- [Supplied information]:

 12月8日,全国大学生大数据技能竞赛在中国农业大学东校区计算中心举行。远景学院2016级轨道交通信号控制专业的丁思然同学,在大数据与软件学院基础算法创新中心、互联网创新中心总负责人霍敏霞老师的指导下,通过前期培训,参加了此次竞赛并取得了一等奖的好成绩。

* * *

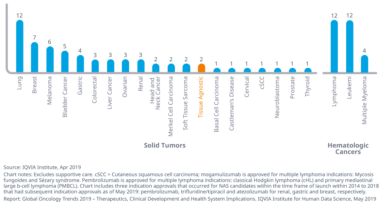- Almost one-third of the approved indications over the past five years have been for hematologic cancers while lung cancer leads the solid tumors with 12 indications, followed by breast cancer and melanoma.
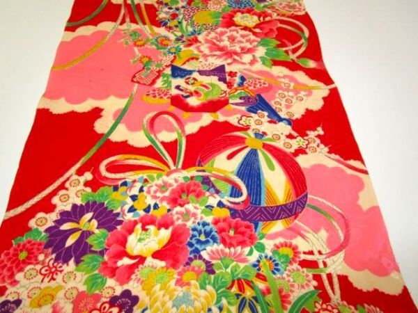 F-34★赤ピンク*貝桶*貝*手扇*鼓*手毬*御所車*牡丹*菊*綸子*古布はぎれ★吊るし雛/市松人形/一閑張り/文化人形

- [Exercise brief]: Output should consist of the lines above from the one with "- Almost one-third" down to the one with "F-34★赤ピンク*貝桶*貝", exact and without pictures.

- [The answer]:
- Almost one-third of the approved indications over the past five years have been for hematologic cancers while lung cancer leads the solid tumors with 12 indications, followed by breast cancer and melanoma.
 F-34★赤ピンク*貝桶*貝*手扇*鼓*手毬*御所車*牡丹*菊*綸子*古布はぎれ★吊るし雛/市松人形/一閑張り/文化人形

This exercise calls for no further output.